- _Problem requirements_
Every line below from the one containing "where, Ux is" through the one containing "Кухни в винтажном" is to be printed exactly, with the pictures omitted.
[Opening Information section]
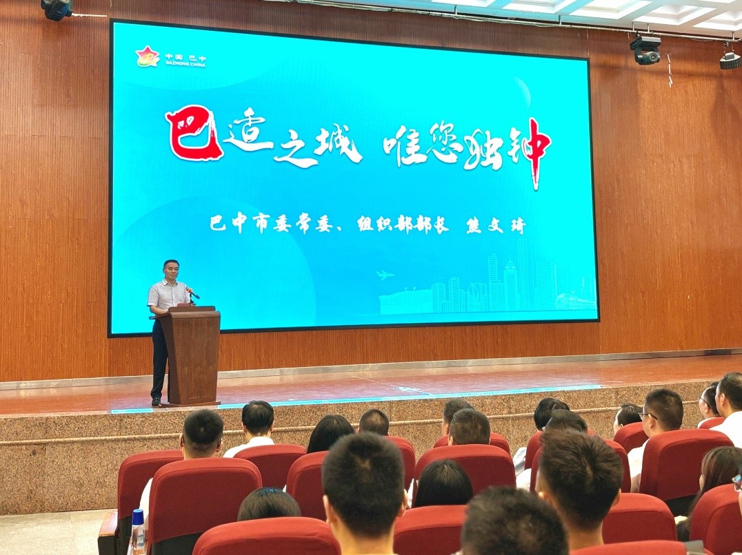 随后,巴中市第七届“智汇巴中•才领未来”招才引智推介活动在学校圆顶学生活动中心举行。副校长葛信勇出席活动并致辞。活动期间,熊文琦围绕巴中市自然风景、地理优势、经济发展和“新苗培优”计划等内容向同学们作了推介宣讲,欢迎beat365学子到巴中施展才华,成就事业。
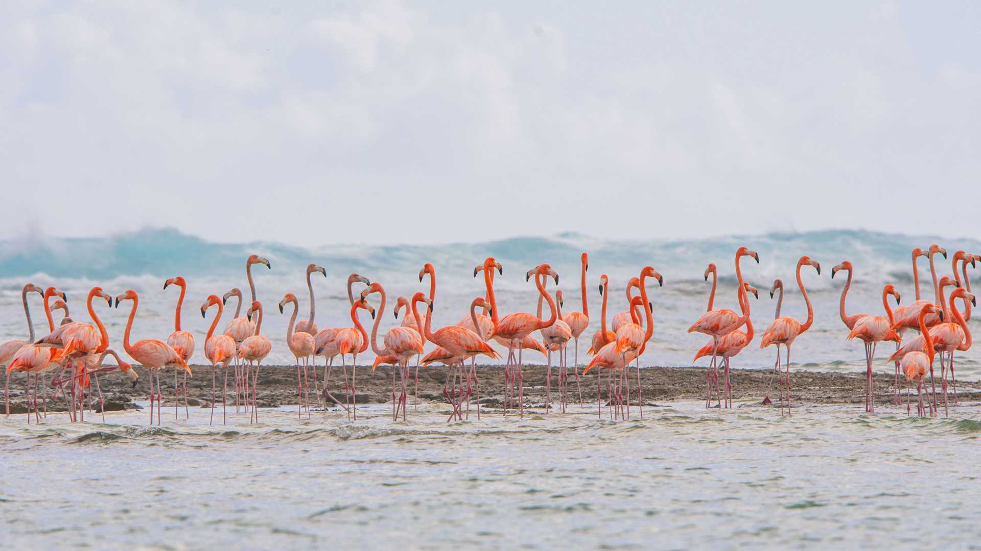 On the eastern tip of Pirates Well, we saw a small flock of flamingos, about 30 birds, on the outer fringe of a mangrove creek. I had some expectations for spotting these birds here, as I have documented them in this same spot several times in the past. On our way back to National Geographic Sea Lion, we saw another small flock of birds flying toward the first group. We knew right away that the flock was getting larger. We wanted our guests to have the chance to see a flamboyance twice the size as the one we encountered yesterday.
[Closing Information section]
[Opening Information section]
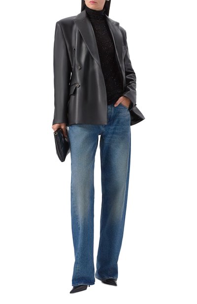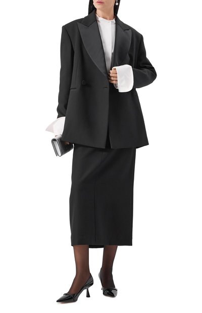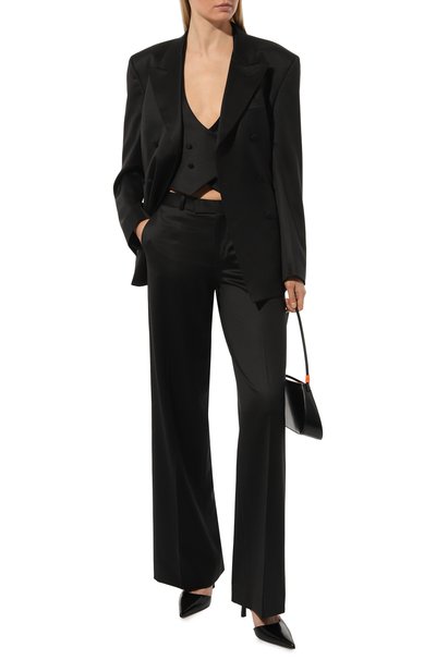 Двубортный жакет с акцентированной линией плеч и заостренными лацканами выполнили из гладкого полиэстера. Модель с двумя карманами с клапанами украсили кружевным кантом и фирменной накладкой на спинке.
[Closing Information section]
[Opening Information section]
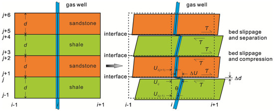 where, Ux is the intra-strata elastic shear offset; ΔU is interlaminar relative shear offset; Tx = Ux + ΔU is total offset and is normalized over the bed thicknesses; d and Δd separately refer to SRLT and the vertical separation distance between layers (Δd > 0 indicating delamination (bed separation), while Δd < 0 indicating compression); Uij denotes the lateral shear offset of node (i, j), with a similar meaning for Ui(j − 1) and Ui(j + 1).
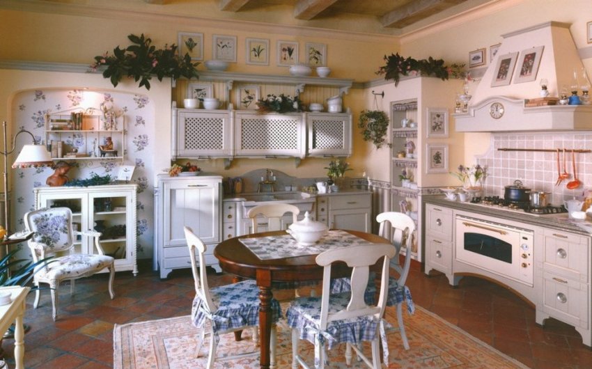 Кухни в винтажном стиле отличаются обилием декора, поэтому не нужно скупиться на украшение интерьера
[Closing Information section]
- _Task response_
 where, Ux is the intra-strata elastic shear offset; ΔU is interlaminar relative shear offset; Tx = Ux + ΔU is total offset and is normalized over the bed thicknesses; d and Δd separately refer to SRLT and the vertical separation distance between layers (Δd > 0 indicating delamination (bed separation), while Δd < 0 indicating compression); Uij denotes the lateral shear offset of node (i, j), with a similar meaning for Ui(j − 1) and Ui(j + 1).
 Кухни в винтажном стиле отличаются обилием декора, поэтому не нужно скупиться на украшение интерьера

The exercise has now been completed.